▸ **What the exercise asks**
When you return the lines below, go from the first through the line with "spații verzi și", keep them exact, and leave out every picture.

[Data records Boundary: Start]

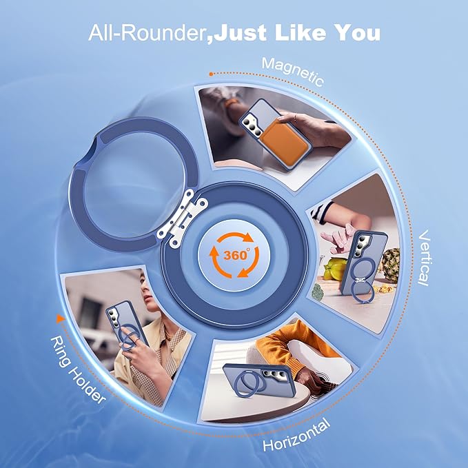 Compatible with Samsung Galaxy S24 Plus Case with 360Rotatable Magnetic Ring Stand Compatible with Mag-Safe Military Protection Matte Translucent Phone Case for Galaxy S24+,Blue
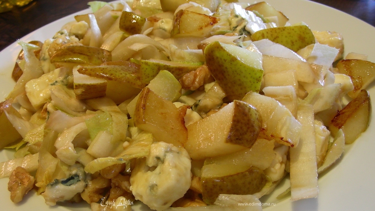 Пикантный салат с грушей, рокфором, цикорием и грецкими орехами
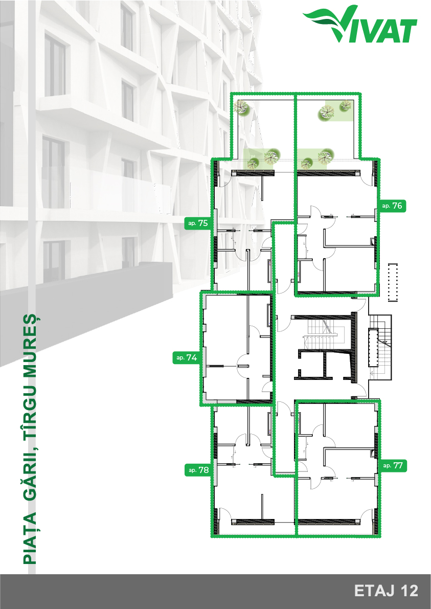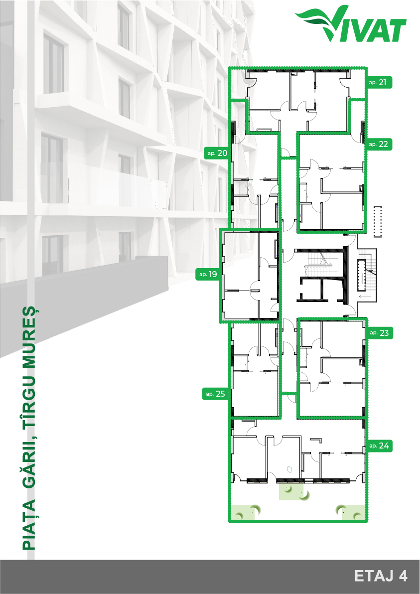 spații verzi și alei de promenadă open space în jurul imobilului
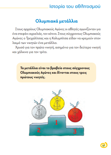 ΑΠΟΣΠΑΣΜΑ ΑΠΟ ΤΟ ΒΙΒΛΙΟ Φυσική Aγωγή A΄& B΄ Δημοτικού ΣΕΛ.16Ο Τρεχαλίτσας και η Κολυμπίτσα ονειρεύονταν την ημέρα που θα νικούσε ο αδερφός τους και θα τον στεφάνωναν οι υπεύθυνοι του αγώνα με τον κότινο. Ο κότινος ήταν το βραβείο της νίκης. Τον έφτιαχναν από τα κλαδιά της ιερής αγριελιάς η οποία βρισκόταν μπροστά στον ναό του Δία. Τους νικητές, λοιπόν, τους στεφάνωναν με τον κότινο. Όλοι τους τιμούσαν και τους σέβονταν. Όταν επέστρεφαν στην πόλη τους, γκρέμιζαν ένα μέρος των τειχών της για να περάσουν. Με αυτό τον τρόπο έδειχναν ότι με τέτοιους άντρες δε χρειάζεται η πόλη τους τα τείχη για προστασία από τους εχθρούς
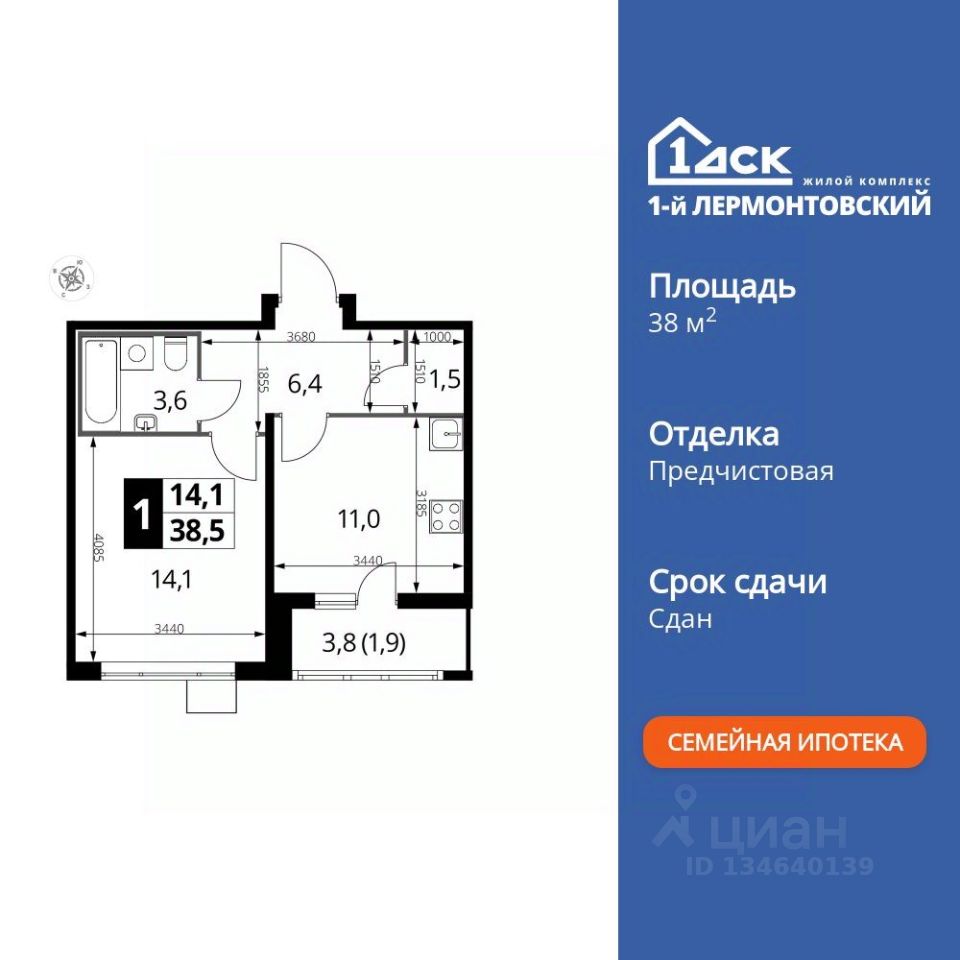 Продаётся 1-к квартира номер 814 общей площадью 38.2 кв.м. на 21-м этаже 24 этажного здания. Предчистовая отделка. Цена с учётом скидки.

[Data records Boundary: End]

▸ **Output of the exercise**
 Compatible with Samsung Galaxy S24 Plus Case with 360Rotatable Magnetic Ring Stand Compatible with Mag-Safe Military Protection Matte Translucent Phone Case for Galaxy S24+,Blue
 Пикантный салат с грушей, рокфором, цикорием и грецкими орехами
 spații verzi și alei de promenadă open space în jurul imobilului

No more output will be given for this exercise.